There are a few conclusions from these observations and experiences that are useful as we think about what to do at 70. If fitness is something that one must perform each day, it will not happen. If it occurs as a normal and enjoyable part of one’s day, then it will be painless and profitable. It is not necessary to buy a new exercise outfit with violent colors or eat something trendy that arrives in the mail each week. Make your exercise plans a part of your mental health, not an add on. If you like the Swedish method of early morning quiet contemplation of nature, you can sit outside with coffee or, since you have more energy in the morning, make that the time you walk and combine the mental and physical benefits. If you enjoy the social benefit of spending time with others, then use the gym and combine the social interaction with your physical strengthening.

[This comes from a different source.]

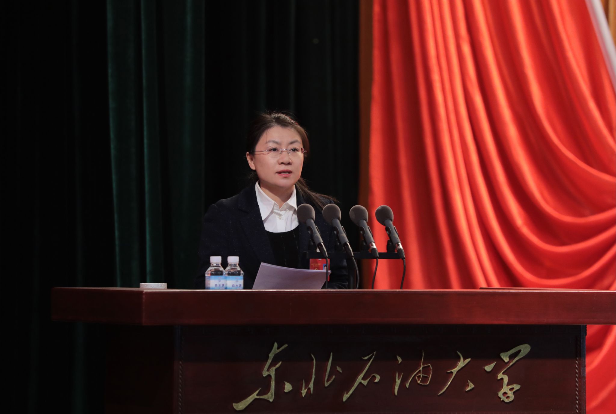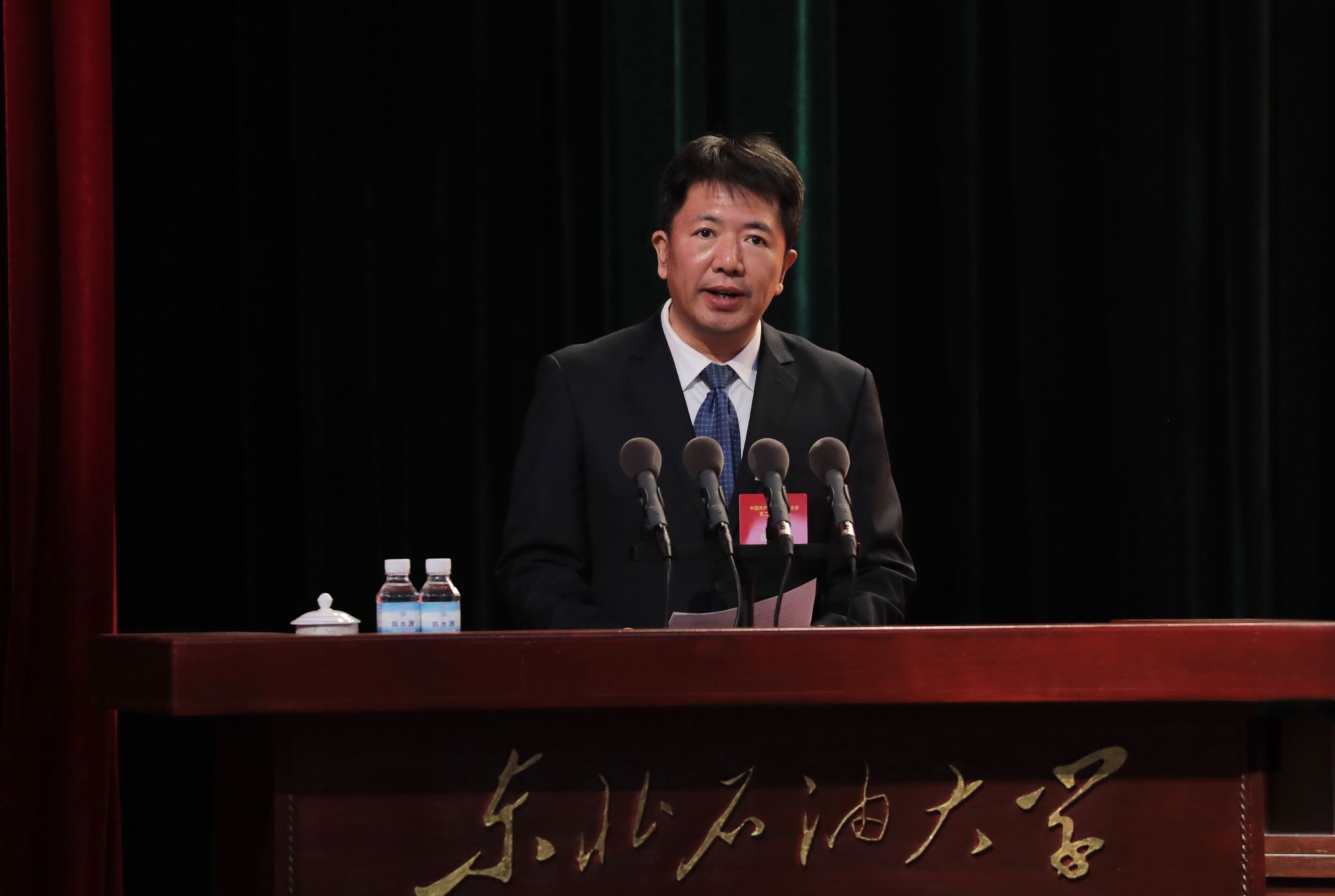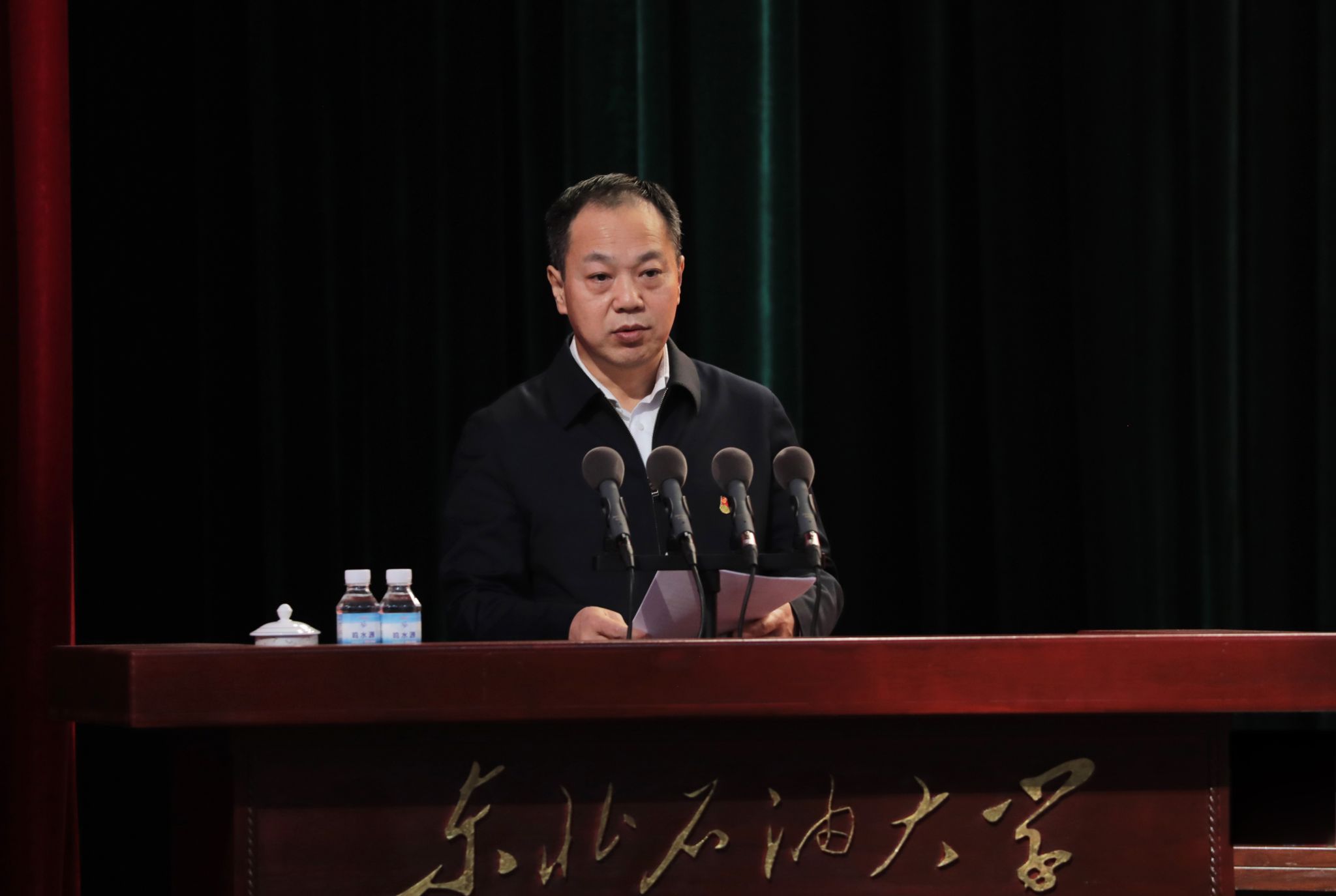 王震代表黑龙江省委教育工委、省教育厅对大会召开表示热烈祝贺。他指出,此次党代会的召开,对于东油科学谋划今后一段时期的发展战略和目标任务具有重大而深远的意义。他对学校新一届党委提出希望:要坚持党的全面领导,把牢社会主义办学方向;要提升办学治校水平,创建国内一流能源大学;要增强高质量发展能力,服务国家战略和龙江振兴发展。

However, remember that time given only to talking does not count as exercise time…even though it may count as mental health time.

 

Your exercise plan should use all muscle groups over the course of a week and include walking (aerobic work), light weight training (muscle strength and definition), flexibility, and adequate rest. It may require a gym, if only for the social benefits, or a dance studio – I think dancers have the best mental and physical fitness program possible, with martial arts a close second – or a collection of resistance bands in a downstairs room, or an exercise routine done in front of the TV. What you do is less important than the fact that you do it.